# A step up from my no-name chisels



## Sailor (Jun 17, 2009)

I can't tell you much about chisels, I am still using my "Lowe's" chisels, both of them. On the sparpening side of it, I got myself a Worksharp 3000 and it makes really quick work of sharpening them. Your definately not sharpening more than you are using them. Good review though, I am in the market for a set of chisels that are a step up from the big box ones.


----------



## Rileysdad (Jun 4, 2009)

Here's what I know about chisels. There are 2 differences between good chisels and not so good chisels: 1) the quality of the machining and 2) the durability of the steel. You can usually get a cheaper chisel into the right shape if you're willing to spend 20 minutes with it. If the steel is soft, you'll have to sharpen it more often.

If you work with hand tools, sharpening is part of the deal.

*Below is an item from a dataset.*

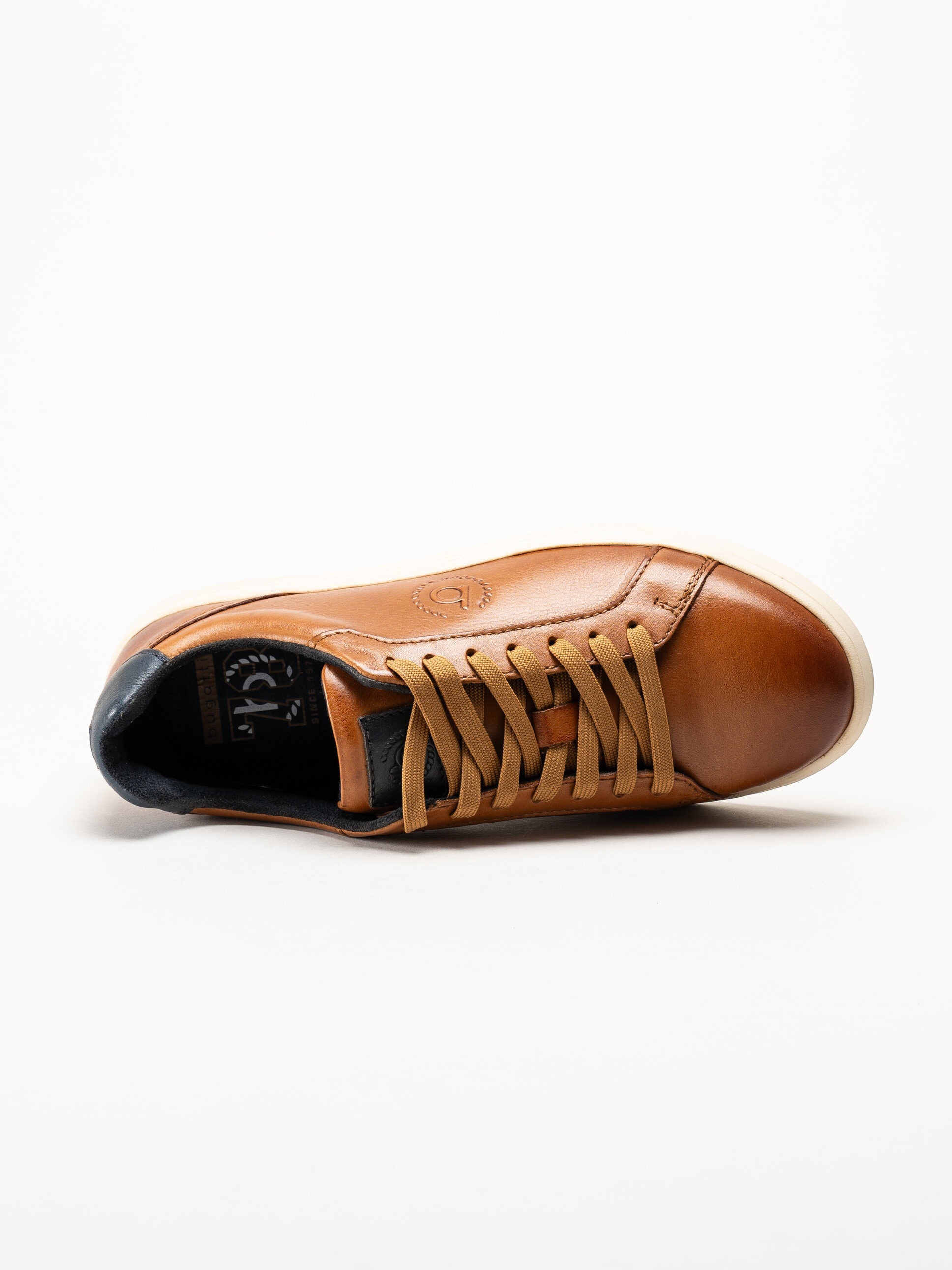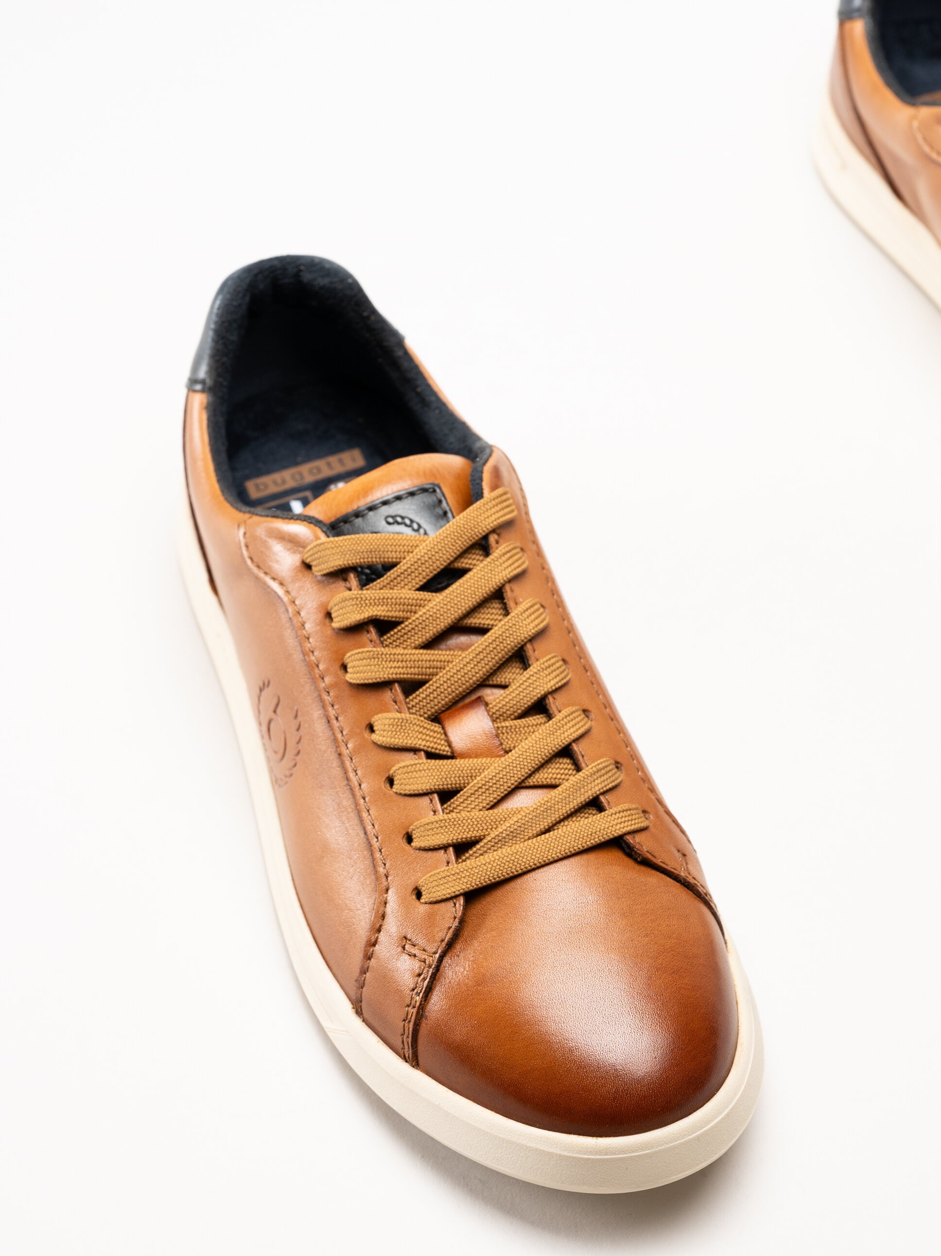 Ljusbruna sneakers i skinn Powder från Bugatti i färgen Cognac. Skorna är tillverkade i mjukt skinn som ger ett stilrent och tidlöst intryck med en sportig silhuett, perfekt för vardag och fritid. Invändigt är modellen fodrad med skinn för en behaglig känsla mot foten, och den löstagbara innersulan i textil med Soft Fit-teknologi ger extra komfort och dämpning under hela dagen.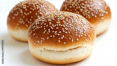 Freshly baked hamburger bun on a white background, sprinkled with sesame seeds.

Get a system that works for you and set up a dedicated sharpening station. When a tool dulls, take a couple of minutes to hone it.

I use the Lie Nielsen sharpening system. 2 waterstones and a jig. Check it out on You Tube.


----------



## eruby (Oct 21, 2010)

I have a set of their bench chisels. Mine needed a lot of attention before I considered them "sharp" The biggest problem was the amount of work it took to flatten the back of the chisels, they all had a convex grind on the back. I gave up trying to do this by hand and got a WS3000 and a bunch of the lower grit sandpaper 80 or 100grit. It still took a while but at least I only had to do that once. The bevels don't take nearly as long to sharpen and hone.


----------



## swirt (Apr 6, 2010)

Regarding the length, these are Butt chisels, so by definition they are meant to be short. Shorter than standard bench chisels anyway.


----------



## Bertha (Jan 10, 2011)

I'm with eruby. I've got bigbox store cheap chisels that I bang away on & fine quality chisels that I pare with. Both requried serious attention on the backs. Luckily, you only have to do a major flatenning once but it can be a chore. I've found that once they're sharpened, it only takes a few passes on some high grit paper & a quick pass on the strop to get them back into action. I'm kind of a chisel snob but to be honest, I use cheap chisels more than I do expensive ones. These should serve you well. For a deep mortise chisel, however, you'll probably want to step it up a bit. I've scored some wonderful ones on Ebay before on the cheap.


----------



## lanwater (May 14, 2010)

I got woodriver 8 pack chisels few months ago and they were almost useable out of the box.
Worksharp 3000 did the trick.


----------



## RandyMorter (Jan 13, 2011)

Thanks - that worksharp looks cool, but it seems pricey for what it is. I suppose it's worth it if you can't sharpen things on your own (like me) but I'll have to at least wait until I get a drill press!

Rileysdad - is this the Lie Nielsen system use?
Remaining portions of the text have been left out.